Liu Li, Tamura Koichiro, Sanderford Maxwell, Gray Vanessa E, Kumar Sudhir
Department of Biomedical Informatics, Arizona State University, Scottsdale Institute for Genomics and Evolutionary Medicine, Temple University, Philadelphila.
Department of Biological Sciences, Tokyo Metropolitan University, Hachioji, Tokyo, Japan.
Mol Biol Evol. 2016 Jan;33(1):245-54. doi: 10.1093/molbev/msv198. Epub 2015 Oct 13.
Widespread sequencing efforts are revealing unprecedented amount of genomic variation in populations. Such information is routinely used to derive consensus reference sequences and to infer positions subject to natural selection. Here, we present a new molecular evolutionary method for estimating neutral evolutionary probabilities (EPs) of each amino acid, or nucleotide state at a genomic position without using intraspecific polymorphism data. Because EPs are derived independently of population-level information, they serve as null expectations that can be used to evaluate selective forces on alleles at both polymorphic and monomorphic positions in populations. We applied this method to coding sequences in the human genome and produced a comprehensive evolutionary variome reference for all human proteins. We found that EPs accurately predict neutral and disease-associated alleles. Through an analysis of discordance between allelic EPs and their observed population frequencies, we discovered thousands of novel candidate sites for nonneutral evolution in human proteins. Many of these were validated in a joint analysis of disease-associated variants and population data. The EP method is also directly applicable to the analysis of noncoding sequences and genomic analyses of nonmodel species.
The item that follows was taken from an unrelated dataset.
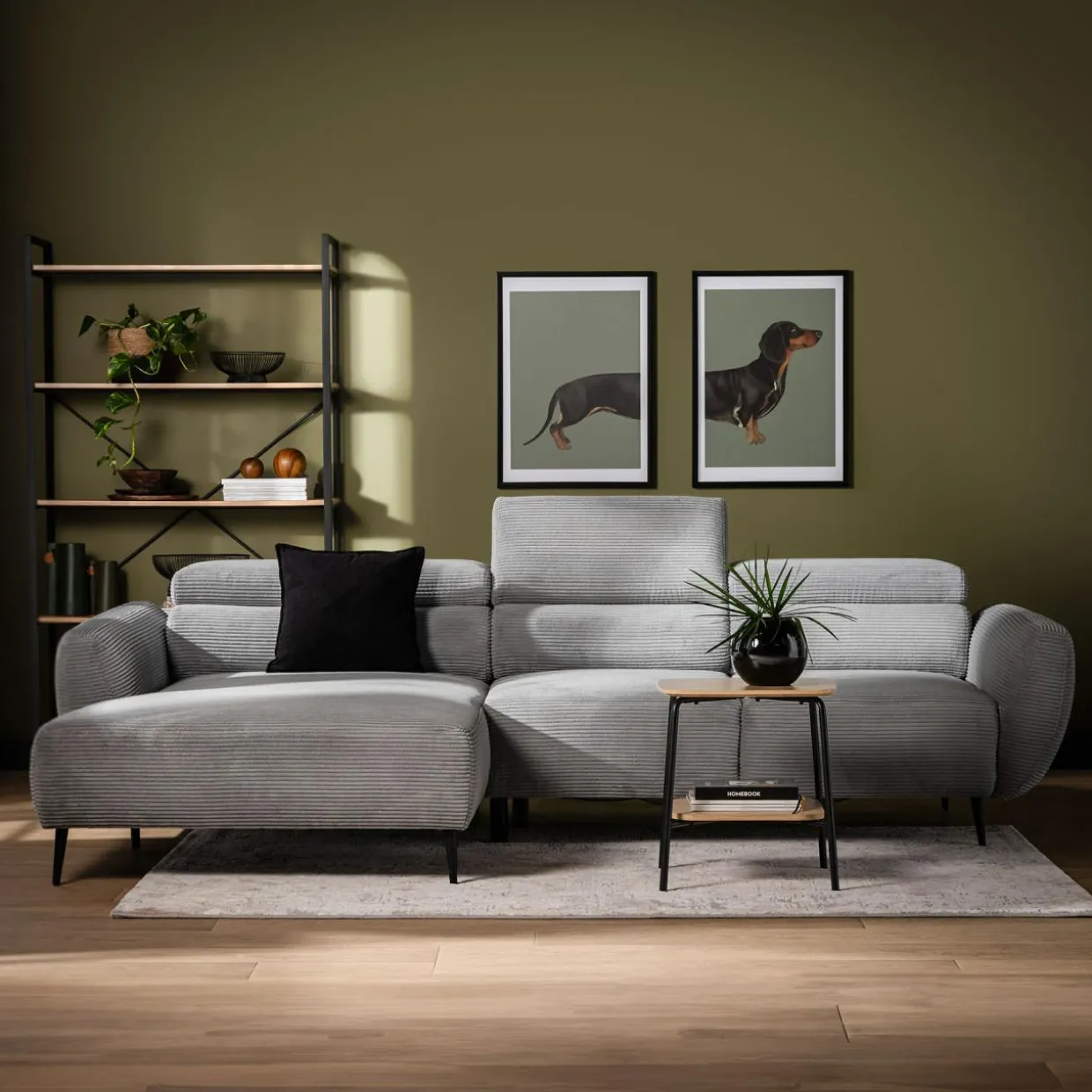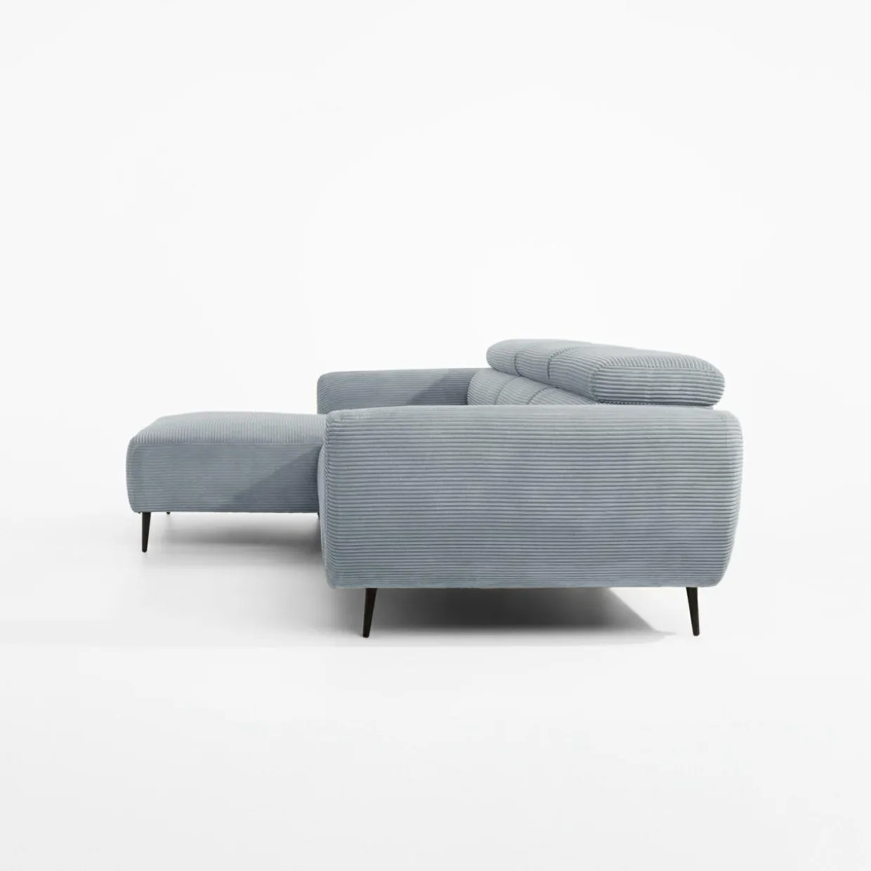 Narożnik ALISSON S z regulowanym elektrycznie siedziskiem stworzy komfortową przestrzeń do wspólnego wypoczywania przy ulubionym serialu. Przyjemny w dotyku sztruks stworzy przytulną aurę, która pozwoli Ci złapać oddech po zabieganym dniu.

广泛的测序工作正在揭示人群中前所未有的基因组变异数量。此类信息通常用于推导共识参考序列,并推断受自然选择影响的位置。在此,我们提出一种新的分子进化方法,用于估计基因组位置上每个氨基酸或核苷酸状态的中性进化概率(EP),而无需使用种内多态性数据。由于EP是独立于群体水平信息推导得出的,它们可作为零假设期望,用于评估群体中多态和单态位置上等位基因的选择力。我们将此方法应用于人类基因组中的编码序列,并为所有人类蛋白质生成了一个全面的进化变异组参考。我们发现EP能够准确预测中性和疾病相关等位基因。通过分析等位基因EP与其观察到的群体频率之间的不一致性,我们发现了数千个人类蛋白质中非中性进化的新候选位点。其中许多在疾病相关变异和群体数据的联合分析中得到了验证。EP方法也直接适用于非编码序列的分析以及非模式物种的基因组分析。